== EXERCISE DIRECTIONS ==
Word for word, repeat the data that follows. Do not include the pictures.

== PROVIDED RECORDS ==
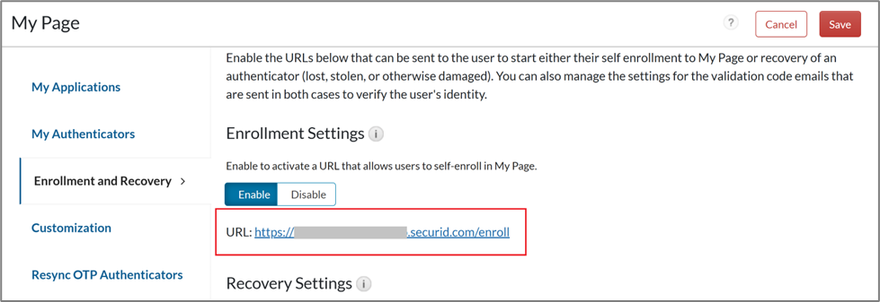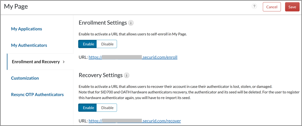 - My Page enrollment policy or My Page recovery policy under Access > My Page > Enrollment and Recovery tab must be enabled and configured.
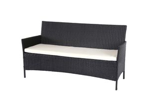 3-Sitzer Poly-Rattan Gartenbank Hamar, Sitzbank ~ anthrazit, Kissen creme
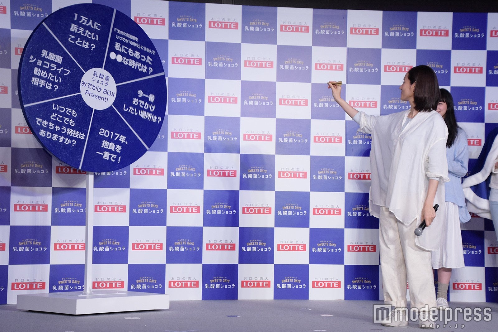 イベントではルーレットが用意され、ダーツで当てた項目をトークするという企画も。「1万人に訴えたいことは?」というテーマにヒットした吉田は、「みなさんはテレビや映画で小松菜奈ちゃんを『かわいい』と感じていると思いますが、実際に見てもとってもかわいいです。大好きです!」とカメラの前で告白。小松も照れながらもうれしそうに微笑んでいた。会場には、キャンペーンのアンバサダーに就任した前田典子、東尾理子、金子貴俊も登壇。吉田と小松からブルーのマントを贈呈されたほか、新キャンペーンのキックオフを記念して5人でのテープカットが行われた。(modelpress編集部)
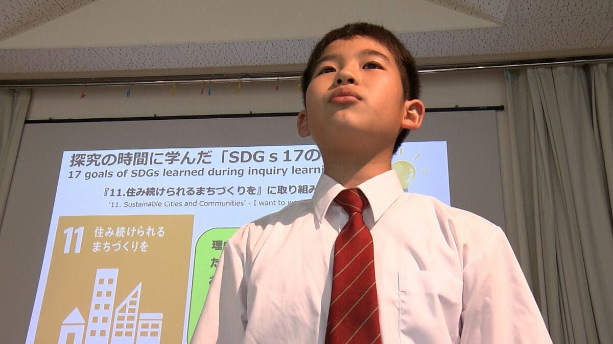 6年生の山田啓一朗くんが発表するのは、SDGs=持続可能な開発目標の1つ、「住み続けられるまちづくり」のために取り組んでいることです。
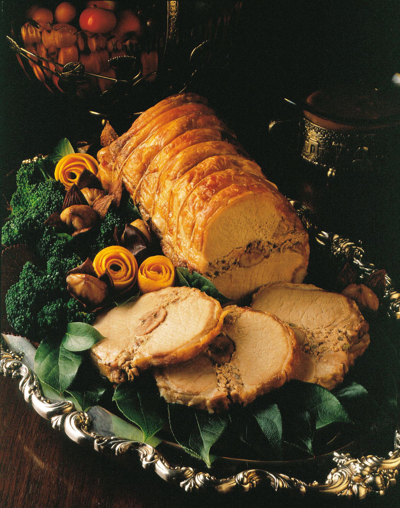1. Muşchiul de porc se spală, se curăţă de pieliţe şi se taie pentru a putea fi umplut. Se condimentează cu sare şi piper, iar la interior se unge cu muştar. Se lasă la rece 30 minute. Ficatul de pasăre se spală şi se lasă 10 minute în apă rece.
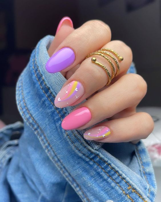 This design blends glossy pastel purple and pink nails with delicate star and swirl accents on a sheer base. The soft candy colors give it a fun, dreamy springtime feel.
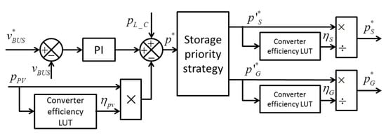In this way, the total power reference is divided into two parts and , according to the storage priority strategy. However, as stated in Section 4, the strategy does not consider the power losses and it depends on the robustness of the regulator to compensate the power losses. As a result, the process of the convergence will lead to more bus voltage oscillations, thus the power quality is degraded. In order to accelerate the convergence and improve the power quality of the DC microgrid, a feed-forward method based on estimation of efficiency can be introduced in the control loop. Thus, the following loop is implemented instead of the one above (Figure 13).
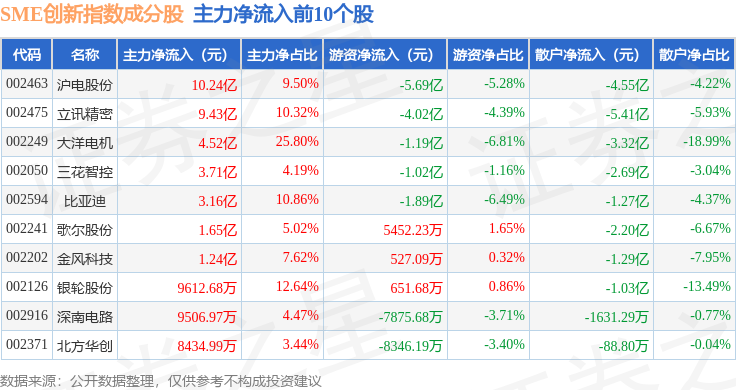 资金流向方面,SME创新(399017)指数成份股当日主力资金净流入合计24.79亿元,游资资金净流出合计14.84亿元,散户资金净流出合计9.95亿元。成份股资金流向详情见下表:
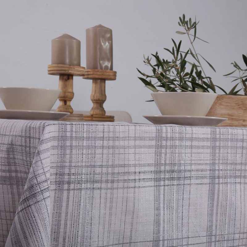 Τραπεζομάντηλο με καρό τυπωτό σχέδιο και γκρι χρώμα. Ύφασμα από 100% βαμβάκι βάρους 150gsm που το κάνει ανθεκτικό. Ένα κλασσικό τραπεζομάντηλο που θα στολίσει το τραπέζι της κουζίνας σας σε κάθε περίσταση!
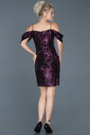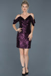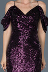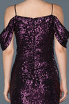 Purple, Off-Shoulder Sleeves, Shimmer, Shiny, Sequin, Above Knee, Sheath Dress
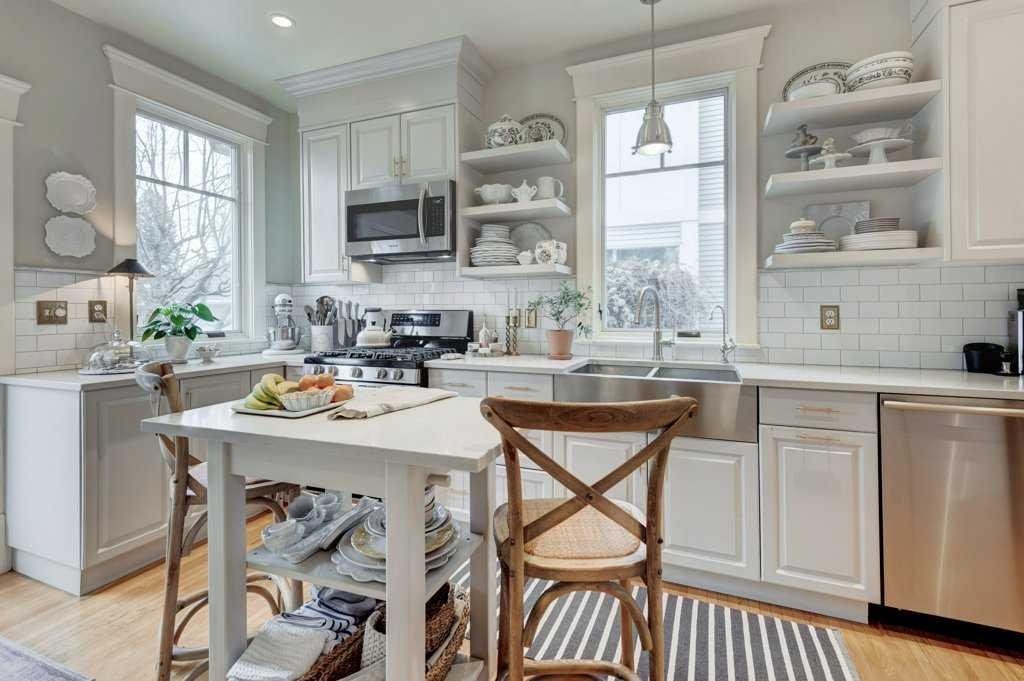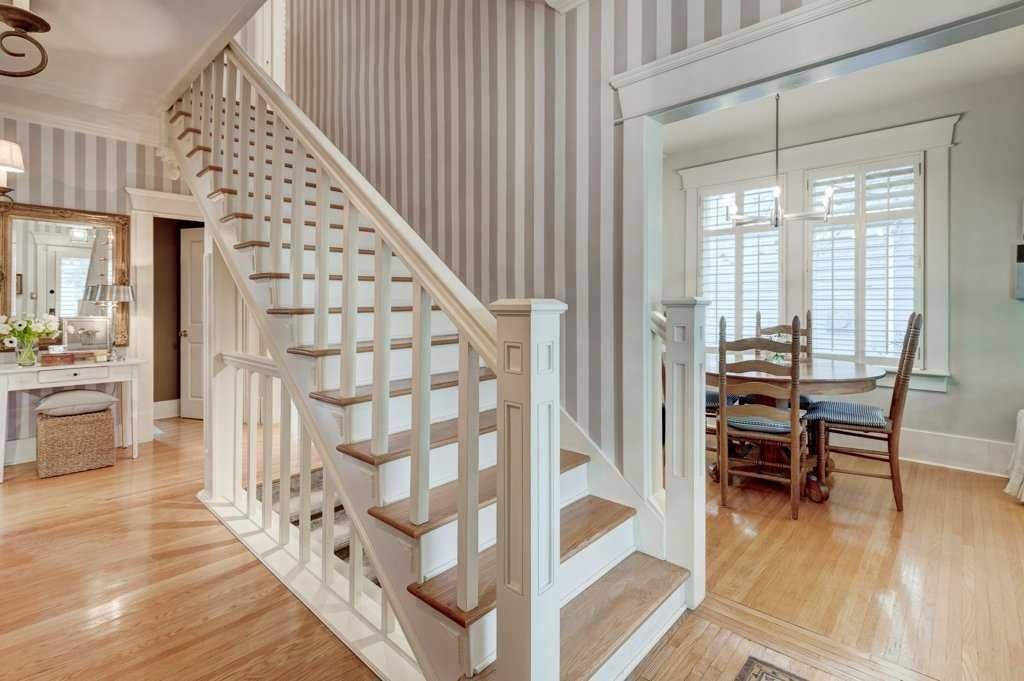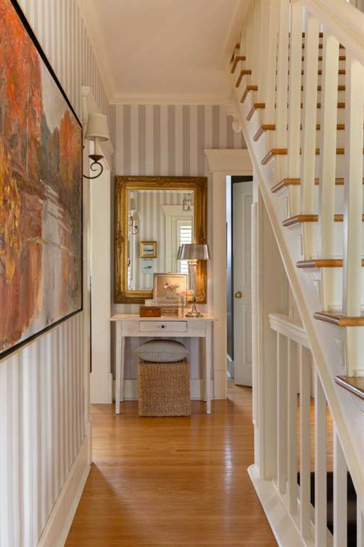 The main floor welcomes you with a warm and inviting living room featuring crown molding, recessed lighting, a gas fireplace with a mantle, and original wood flooring that continues throughout the main and upper levels. Custom California wood shutters on the windows and French door add both style and function, while the dining room creates an elegant setting for gatherings with direct access to the private backyard. The kitchen is both functional and refined, complete with quartz countertops, a metal farmhouse sink, stainless steel appliances, a wine rack, pantry, extensive cabinetry, and built-in shelving. A charming breakfast nook provides the perfect spot for casual mornings, while a bright powder room with a window adds convenience to the level. Custom wallpaper throughout the central hall and entire home adds a unique and tasteful design element.
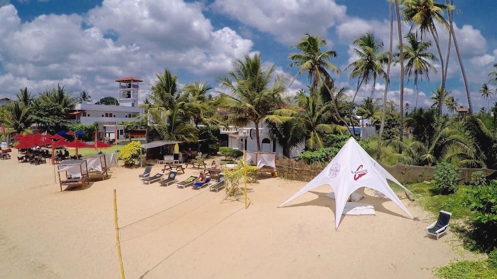 Staff were friendly and excellent. Very responsive. Great location right on beach. Food was always great. Excellent bfast selection. (Had amazing Singhalise curry) Hats off to the chef, can even do Shakshuka! Good surf spot, especially for beginners right in front of hotel. Can hire boards from guys next to hotel on beach for about 200 rupee an hour. Decent bar, but like everywhere in resorts in sri lanka, drinks and food are marked up in price substantially compared to buying outside. Rooms were comfortable with AC, hot water, comfy beds with mosquito nets. Small balcony can dry wet towels, boardshorts etc. I would stay here again, staff service is great. My only minor complaint is hotel arranged private taxi to Tissa which was over-priced by about 3000 rupees. Though to be fair it was our fault for not shopping around and checking with outside providers.

== RESULT ==
 - My Page enrollment policy or My Page recovery policy under Access > My Page > Enrollment and Recovery tab must be enabled and configured.
 3-Sitzer Poly-Rattan Gartenbank Hamar, Sitzbank ~ anthrazit, Kissen creme
 イベントではルーレットが用意され、ダーツで当てた項目をトークするという企画も。「1万人に訴えたいことは?」というテーマにヒットした吉田は、「みなさんはテレビや映画で小松菜奈ちゃんを『かわいい』と感じていると思いますが、実際に見てもとってもかわいいです。大好きです!」とカメラの前で告白。小松も照れながらもうれしそうに微笑んでいた。会場には、キャンペーンのアンバサダーに就任した前田典子、東尾理子、金子貴俊も登壇。吉田と小松からブルーのマントを贈呈されたほか、新キャンペーンのキックオフを記念して5人でのテープカットが行われた。(modelpress編集部)
 6年生の山田啓一朗くんが発表するのは、SDGs=持続可能な開発目標の1つ、「住み続けられるまちづくり」のために取り組んでいることです。
1. Muşchiul de porc se spală, se curăţă de pieliţe şi se taie pentru a putea fi umplut. Se condimentează cu sare şi piper, iar la interior se unge cu muştar. Se lasă la rece 30 minute. Ficatul de pasăre se spală şi se lasă 10 minute în apă rece.
 This design blends glossy pastel purple and pink nails with delicate star and swirl accents on a sheer base. The soft candy colors give it a fun, dreamy springtime feel.
In this way, the total power reference is divided into two parts and , according to the storage priority strategy. However, as stated in Section 4, the strategy does not consider the power losses and it depends on the robustness of the regulator to compensate the power losses. As a result, the process of the convergence will lead to more bus voltage oscillations, thus the power quality is degraded. In order to accelerate the convergence and improve the power quality of the DC microgrid, a feed-forward method based on estimation of efficiency can be introduced in the control loop. Thus, the following loop is implemented instead of the one above (Figure 13).
 资金流向方面,SME创新(399017)指数成份股当日主力资金净流入合计24.79亿元,游资资金净流出合计14.84亿元,散户资金净流出合计9.95亿元。成份股资金流向详情见下表:
 Τραπεζομάντηλο με καρό τυπωτό σχέδιο και γκρι χρώμα. Ύφασμα από 100% βαμβάκι βάρους 150gsm που το κάνει ανθεκτικό. Ένα κλασσικό τραπεζομάντηλο που θα στολίσει το τραπέζι της κουζίνας σας σε κάθε περίσταση!
 Purple, Off-Shoulder Sleeves, Shimmer, Shiny, Sequin, Above Knee, Sheath Dress
 The main floor welcomes you with a warm and inviting living room featuring crown molding, recessed lighting, a gas fireplace with a mantle, and original wood flooring that continues throughout the main and upper levels. Custom California wood shutters on the windows and French door add both style and function, while the dining room creates an elegant setting for gatherings with direct access to the private backyard. The kitchen is both functional and refined, complete with quartz countertops, a metal farmhouse sink, stainless steel appliances, a wine rack, pantry, extensive cabinetry, and built-in shelving. A charming breakfast nook provides the perfect spot for casual mornings, while a bright powder room with a window adds convenience to the level. Custom wallpaper throughout the central hall and entire home adds a unique and tasteful design element.
 Staff were friendly and excellent. Very responsive. Great location right on beach. Food was always great. Excellent bfast selection. (Had amazing Singhalise curry) Hats off to the chef, can even do Shakshuka! Good surf spot, especially for beginners right in front of hotel. Can hire boards from guys next to hotel on beach for about 200 rupee an hour. Decent bar, but like everywhere in resorts in sri lanka, drinks and food are marked up in price substantially compared to buying outside. Rooms were comfortable with AC, hot water, comfy beds with mosquito nets. Small balcony can dry wet towels, boardshorts etc. I would stay here again, staff service is great. My only minor complaint is hotel arranged private taxi to Tissa which was over-priced by about 3000 rupees. Though to be fair it was our fault for not shopping around and checking with outside providers.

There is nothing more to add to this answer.